The bare minimum requirement to be recognized as a component is to have a correctly defined class in the Drupal\<module_name>\Plugin\AmbientImpact\Component namespace. Additionally, to provide front-end assets, a valid <component_name>.libraries.yml file must be found in the component's directory. Both of these are detailed below. Other than the component plug-in class (which must be in the <module_name>/src/Plugin\AmbientImpact\Component> directory), component files are found in the <module_name>/components/<component_name> directory.

Component plug-in class

The component plug-in class must extend Drupal\ambientimpact_core\ComponentBase with the annotation structure defined in Drupal\ambientimpact_core\Annotation\Component.
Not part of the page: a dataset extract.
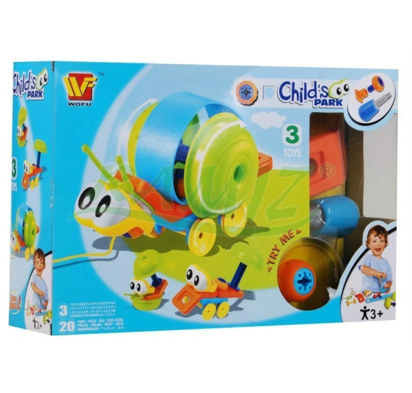 Sada je opravdovou výzvou - každé dítě si může postavit vždy jedno ze tří neobvyklých zvířátek: šneka, korýše, červa nebo psa, štěně, kachnu, a pak si s postavenou hračkou hrát.

If the only functionality of a component is to provide front-end assets, the class can be empty (but must provide annotation data); an example of this can be found in the MediaQuery class. If a component needs additional back-end functionality and/or needs to pass additional data to the front-end (via drupalSettings), it can override several methods from ComponentBase and even define its own custom methods; an example of these can be found in the PhotoSwipe component class.

Component libraries

As previously mentioned, components can provide their own libraries, in addition to those defined by their implementing module. Libraries are defined in a <component_name>.libraries.yml file in the component's directory; see the Drupal documentation for the format of the libraries file. The one important distinction is that all paths in the component's libraries file are relative to the component's directory, not the implementing module's directory. A very simple example can be found in media_query.libraries.yml, while a more complex example can be found in photoswipe.libraries.yml.